# Work required
Write every line of the material again exactly, with no pictures in the copy.

# Dataset section
*-*-*

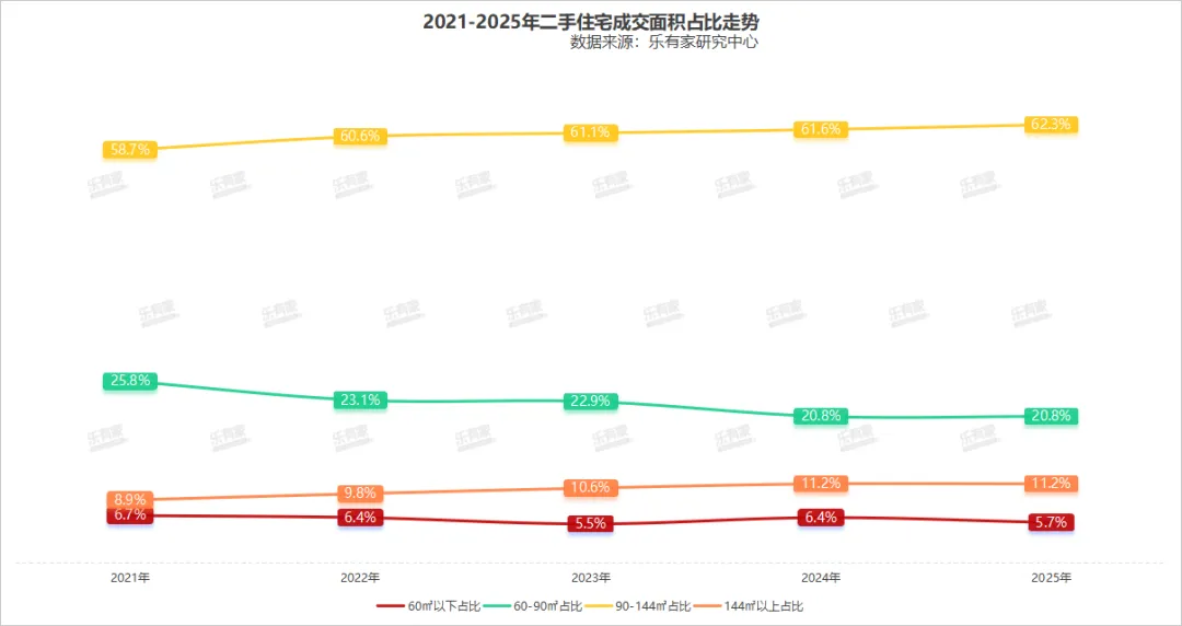 90-144㎡房源成交占比较5年前增加3.6个百分点,达62.3%,近五年稳步增长;
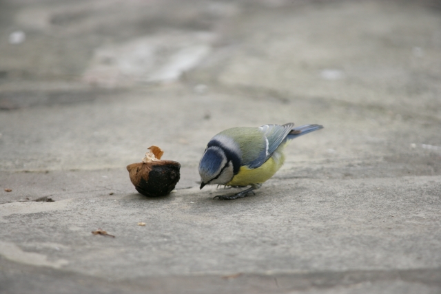 Blaumeise neben einer Walnuss - 500mm (Zoom)
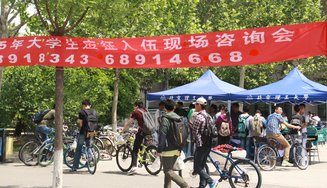 2015年大学生应征入伍工作已经展开,为进一步宣传大学生入伍相关要求及政策,beat365中文官方网站党委武装部于2015年5月8日在良乡校区开展2015年大学生应征入伍现场咨询活动。
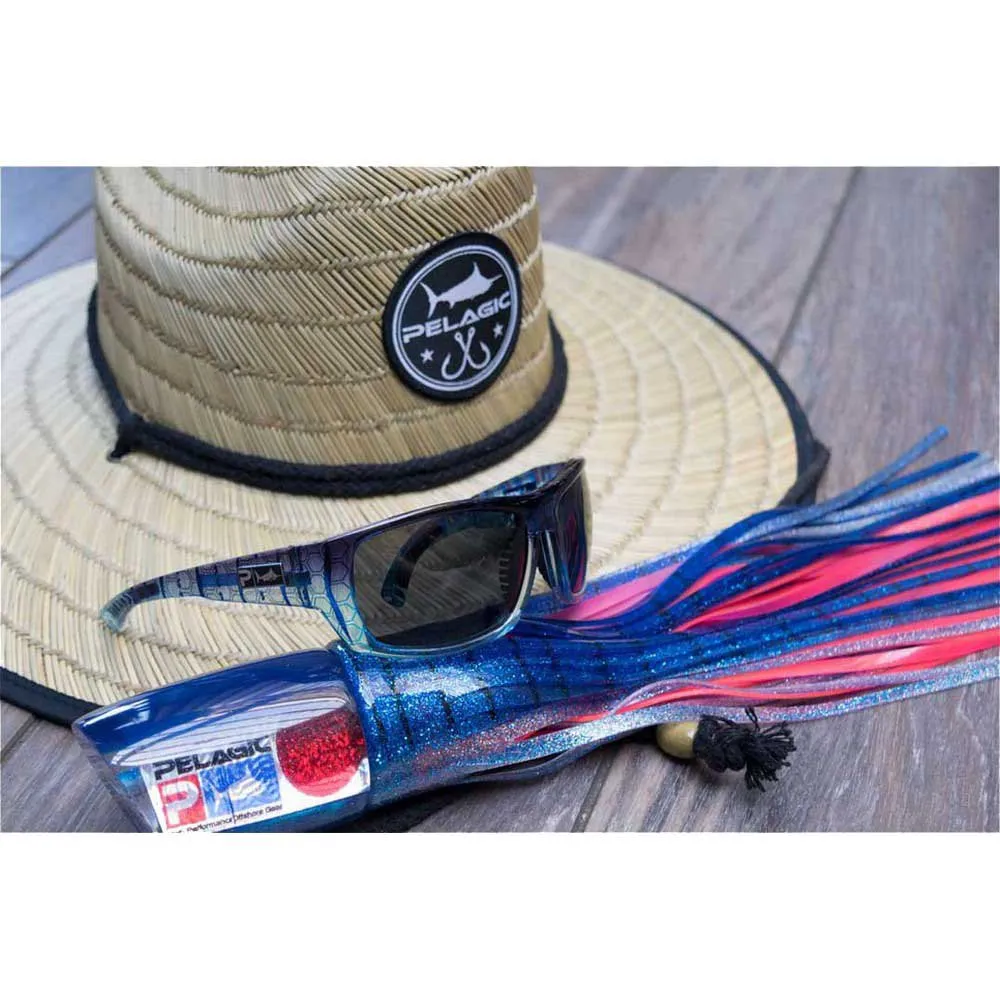 Fai un viaggio a sud del confine e goditi i raggi del sole con il cappello da pesca di paglia Baja! Questo cappello di protezione solare a tesa intera in stile bagnino in fibra naturale al 100% presenta una toppa frontale in gomma PVC con marlin e tonno con fascia elastica pelagica personalizzata all'interno del cappello.

*-*-*

# Your response
 90-144㎡房源成交占比较5年前增加3.6个百分点,达62.3%,近五年稳步增长;
 Blaumeise neben einer Walnuss - 500mm (Zoom)
 2015年大学生应征入伍工作已经展开,为进一步宣传大学生入伍相关要求及政策,beat365中文官方网站党委武装部于2015年5月8日在良乡校区开展2015年大学生应征入伍现场咨询活动。
 Fai un viaggio a sud del confine e goditi i raggi del sole con il cappello da pesca di paglia Baja! Questo cappello di protezione solare a tesa intera in stile bagnino in fibra naturale al 100% presenta una toppa frontale in gomma PVC con marlin e tonno con fascia elastica pelagica personalizzata all'interno del cappello.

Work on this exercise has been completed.